“Beauty is rarely soft or consolatory. Quite the contrary. Genuine beauty is always quite alarming.” – Donna Tartt, The Secret History
Michaelangelo’s “David” is arresting when viewed in person. It is far taller than one would expect, and the tall dome of the Galleria dell’Accademia di Firenze seems to extend that statue even further. The statue of Abraham Lincoln in the Lincoln Memorial is similarly startling. One time I visited some friends in DC and, after a late night on the town, decided to pay a visit to President Lincoln. It was some time after midnight and there were few people on the streets. I’ll never forget cresting the stairs and being confronted with Abraham’s massive visage. The Georgia Marble seemed to come alive in contrast to the darkness surrounding the building. I stood near the statue and found my place in the universe of the monument, a flickering star standing against the burning center of the room. I felt swallowed up by the sober, ominous glory of the statue. Mr. Lincoln both beautiful and terrifying.

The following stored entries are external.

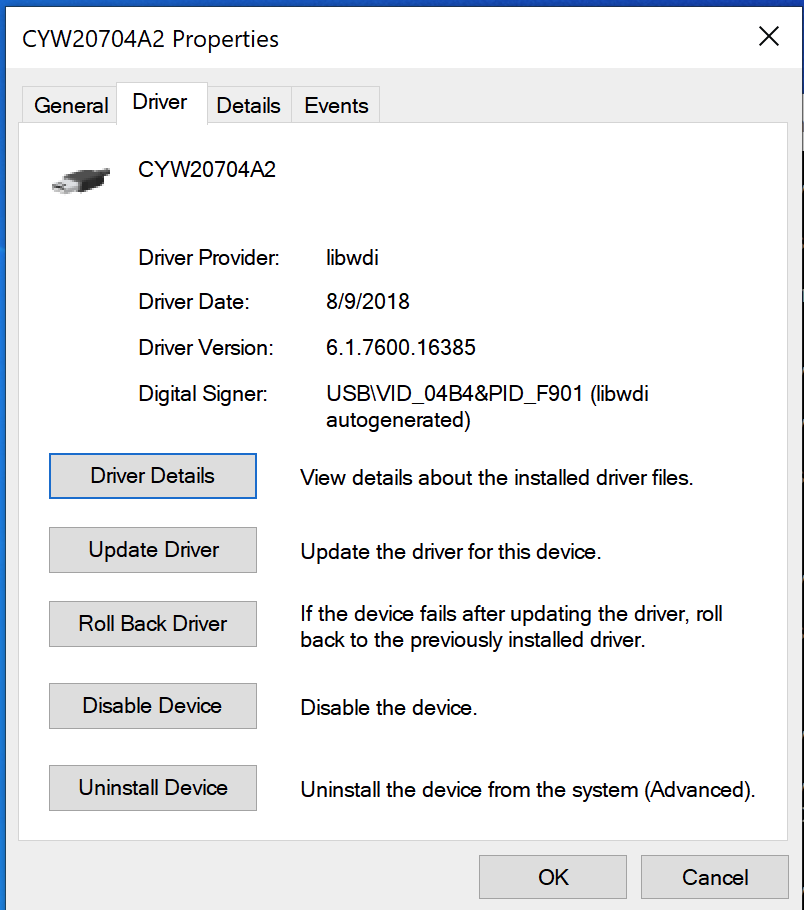 After the new driver was installed, your device is shown in the Device Manager with Device Provider 'libwdi'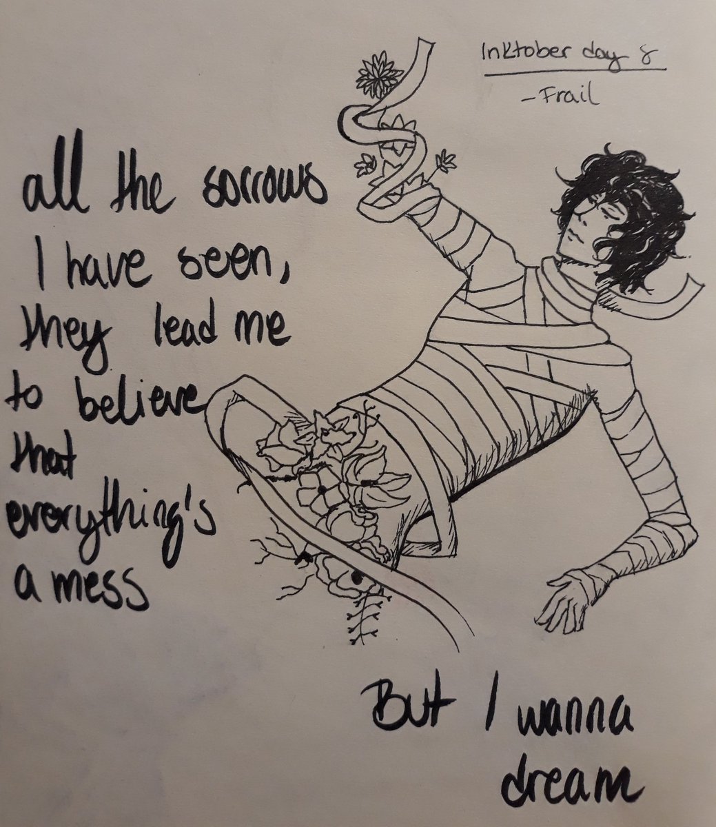 day 8: frail. «all the sorrows i have seen they lead me to believe that everything's a mess. but i wanna dream» (Imagine Dragons - Dream) #inktober2019 #inktober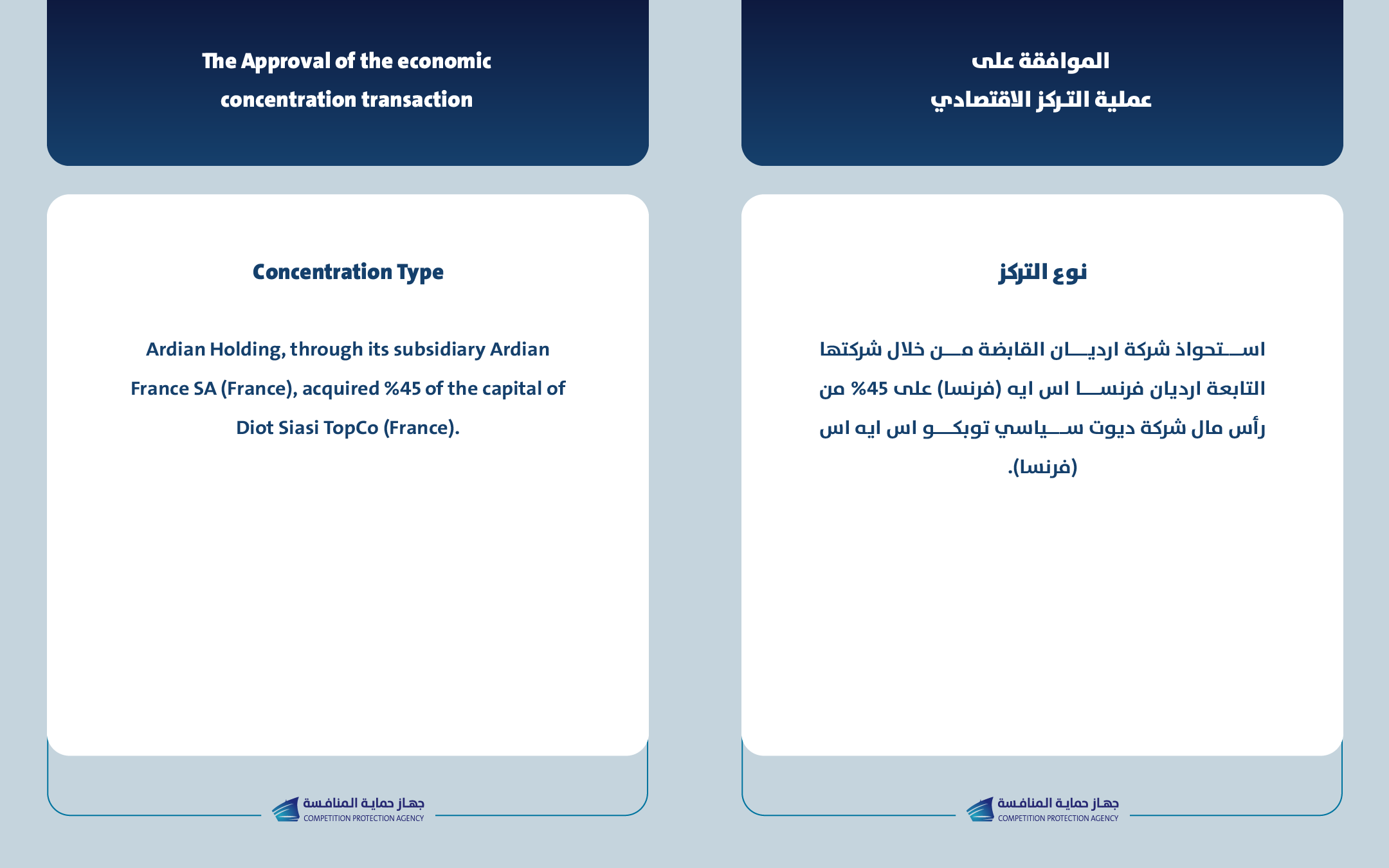 الموافقة على عملية التركز الاقتصادي بين شركة ارديان القابضة من خلال شركتها التابعة ارديان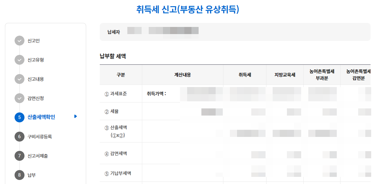 이후 산출된 세액을 확인하고, 본인이 예상한 금액이 맞는 잘 확인한후에 납부를 진행한다. 만약 맞지 않다면 구청 세무과에서 진행하기를 추천한다.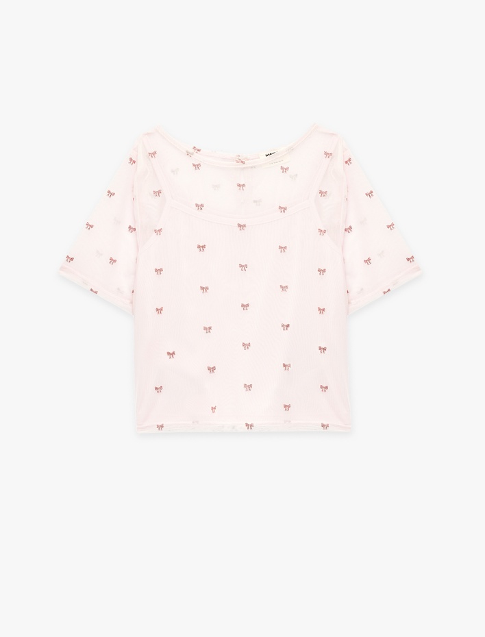 Tül Katmanlı Kısa Kollu Bisiklet Yaka Fiyonk Baskılı Bluz Sepete Ekle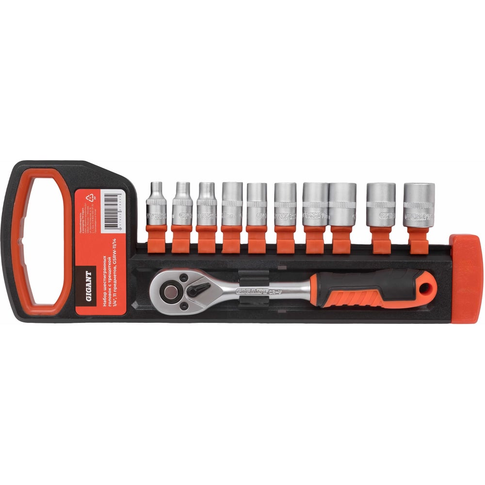 Набор шестигранных головок Gigant с трещоткой 1/4", 11 предметов GSRW-11/14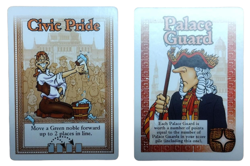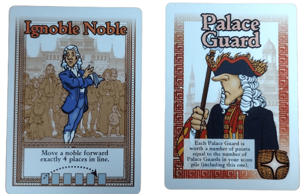 To maximize points with Ignoble Nobles and Palace Guards, use Ignoble Nobles to increase the value of low-scoring nobles and maximize the points of multiple Palace Guards. With this combination, even seemingly weak nobles can score big, disrupting other players’ expectations and creating a substantial point boost.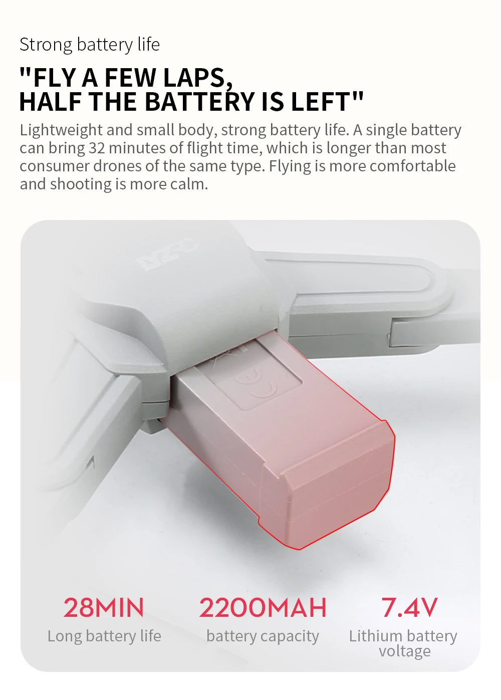 - 28 minutes maximum flight time powered by a 7.4V 2200mAh lithium battery
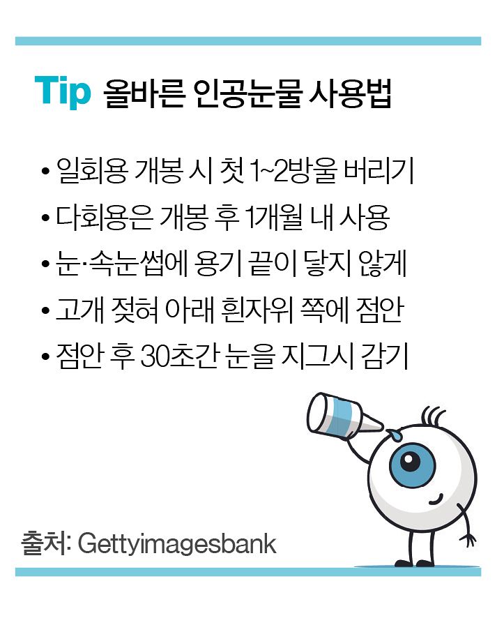 ‘자주 넣으면 내성이 생길까?’ 인공눈물을 쓰는 이들이라면 한번쯤 가져봤을 궁금증이다. 고 전문의는 “보존제가 없는 일회용 제품은 1~2시간 간격으로 점안해도 안전하다”며 내성 우려를 일축했다. 단, 보존제가 든 다회용 제품은 주의할 것을 당부했다. 보존제로 흔히 쓰이는 벤잘코늄염화물은 장기 사용 시 독성 각결막염을 유발할 수 있어서다. 따라서 다회용 제품은 하루 6회 이내로 사용을 제한하고, 그보다 자주 점안해야 한다면 일회용 무보존제 제품을 선택하는 것이 좋다. 렌즈를 꼈을 때도 무보존제 제품을 써야 한다. 벤잘코늄염화물이 렌즈에 흡착돼 각막을 자극하거나 렌즈를 변색·변형시킬 수 있다.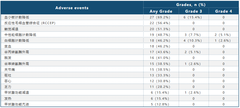 2021年9月至2023年3月期间,第一阶段共入组39例患者。39例中有35例淋巴结阳性,占89.7%,此外,还有1例尚未手术。研究结果显示,ITT人群tpCR率为57.9%(22/38),bpCR率为65.8%(25/38)。新辅助治疗结束时的ORR为87.2%(34/39)。在39例患者中,11例(28.2%)发生≥3级治疗相关不良事件,其中最常见的是血小板计数降低(6例[15.4%])、白细胞计数降低(5例[12.8%])、中性粒细胞计数降低(5例[12.8%])、丙氨酸氨基转移酶升高(2例[5.1%])、天门冬氨酸氨基转移酶升高(1例[2.6%])和甲状腺功能减退(1例[2.6%])。5例(12.8%)患者发生因药物不良反应导致的停药,7例(17.9%)患者发生治疗延迟。4例(10.4%)患者发生了治疗相关的严重不良事件。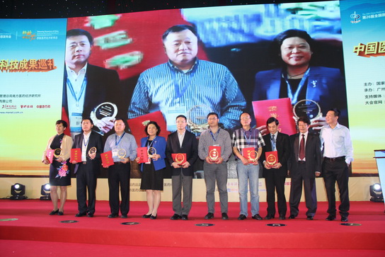白云山制藥總廠廠長、金戈研發(fā)總負(fù)責(zé)人朱少璇教授(左四)上臺(tái)領(lǐng)獎(jiǎng)

When Isaiah receives his vision from the Lord, he writes: “I saw the Lord sitting upon a throne, high and lifted up; and the train of his robe filled the temple….And the foundations of the thresholds shook at the voice of him who called, and the house was filled with smoke.” In response to this, Isaiah pronounces condemnation upon himself, saying “Woe is me! For I am lost…” Rather than destroy Isaiah, however, a seraphim touches his lips with a burning coal and tells him “…your guilt is taken away, and your sin atoned for.” In God’s presence, Isaiah came in contact with the terrifying, overwhelming reality of His Lord. However, in the midst of this holy terror, Isaiah experienced the beauty of God’s forgiveness and mercy.
Christian faith depends upon a correct understanding of cosmic proportion and scale. It thrives in the Christian who, along with John the Baptist, says “He must increase, but I must decrease.” In this, the Christian ascents that sin causes a fundamental disorientation in which Man is seen on the throne and God viewed in relation to him. On the converse, Christian faith languishes when life is lived, as Saint Augustine and Martin Luther described it, “incurvatus in se” (curved inward upon itself). When one’s life is constantly looking inward, God is relegated to a secondary role, a supporting cast member to the drama of one’s own life.
This Sunday, we see that the Christian life is one that is yielded to Jesus. Rather than chasing after the desires created by inward living, through the power of the Holy Spirit we submit our lives to the reign of Christ. Because of His work on our behalf, we will be able to stand before the overwhelming presence of the Father and, like, Isaiah, experience grace and beauty.
Scripture: Luke 19:28-46
Sermon: “Yielding to Jesus”
THE SACRAMENT OF BAPTISM
“It is important that we should not narrow the symbolism of baptism. Baptism does not symbolize any section or part of salvation, but the whole of salvation. Baptism and the Lord’s Supper, for instance, do not divide the field between them, each symbolizing one element in the broad process of salvation or one exercise in the complex enjoyment of salvation. They are two ways of symbolizing salvation as a whole. Salvation is cleansing, salvation is ransoming. Baptism represents it from the one point of view, the Lord’s Supper from the other. Whichever sign and seal we are thinking of, it marks us out as sharers in all the benefits of Christ’s redemption and pledges them to us. Baptism therefore symbolizes not merely the cleansing of our sins but our consequent walk in new obedience. This, let us never forget, is not only symbolized for us but sealed to us, for baptism is given to us by God as an engagement on his part to bring us safely through to the end. In receiving it, we receive upon our persons the seal of his covenant promise.”